Hoping for the best!!
PS- if you hear anything about an upcoming test near you, let me know. I have been looking for one for months


----------



## inge (Sep 20, 2009)

Drive carefully!


----------



## vcm5 (Apr 20, 2011)

Good luck!! Let us know how it goes!


----------



## MercyMom (Dec 19, 2011)

The first evening of class was lovely! Since the class was from 7:00 PM to 8:00 PM, we had class as the sun set. It was heavenly divine being on this farm with cows and horses and seeing the pink clouds and then a rainbow! And how the sun shone on the fields and meadows as you could hear the summer insects. Ahhhhhhhhh! This is the same place where Mercy took her puppy kindergarten classes and stayed for a few days while we took our son to an out of town hospital for tests. She learned to swim here and she attends doggy daycare here once a week for the next 8 weeks. In fact the young lady that picks her up for doggy daycare attends this class with her poodle mix. It makes me glad that I ended up having to come to Liberty Hill Pet Resort for the CGC prep course. Mary Ann Robinson is so neat! During class, she rolled out a wheelchair and a walker that she keeps stored in the barn! There is another Golden in my class named Jack and a pitbull named Reagan.

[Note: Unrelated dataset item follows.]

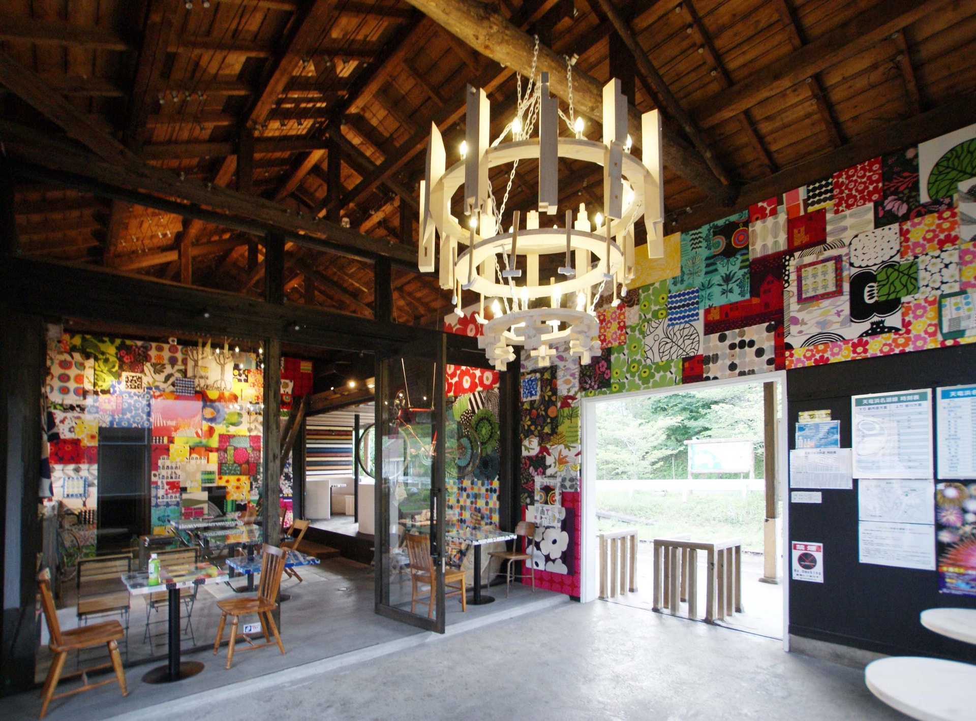 カフェの内装は、マリメッコをはじめとする北欧風インテリアで統一されており、洗練された雰囲気を醸し出しています。自然光が差し込む明るい店内は、ゆったりとくつろげる空間です。また、窓からは、天竜浜名湖鉄道の線路が見え、のどかな風景が広がります。

We don't get to take our next class for 4 weeks since Mary Ann is going on a 3 week vacation, so I have have a lot of homework to do. I also still have 4 more weeks of Basic Obedience classes at another obedience school. She offers the test at the end of the class. Please pray that I succeed!


----------



## MercyMom (Dec 19, 2011)

*Interesting information I picked up at Warrenton's Dog Days First Friday Festival*

The town of Warrenton Virginia has a First Friday Festival on the first Friday evening of every month during spring, summer and fall months. This first Friday of September was their Dog Days of September event. The Warrenton Kennel Club was having their AKC Responsible Dog Ownership event as part of the overall event. I spoke to Lesa Fork, the Training Director for WKC, who is also a CGC evaluator, and told her about how I was taking classes with another AKC intructor/evaluator. When Mary Ann Robertson was checking with each of our dogs to see what we needed to work on, during the supervised separation, Mary Ann Robertson said that I would need to work on getting Mercy used to being alone with a strange person better because she was pacing and panting when she was holding her. She had said I would need to practice having strangers holding Mercy while I stepped out of sight. I asked Lesa Fork to hold Mercy for me and when I came back, Lesa said to me that Mercy had no problems and that *she* would have passed her on that part of the test. She was commenting on how sweet and gentle Mercy was. When I told her I was raising her to be a therapy dog, she had said she would be a perfect candidate and that her name must have something to do with it. 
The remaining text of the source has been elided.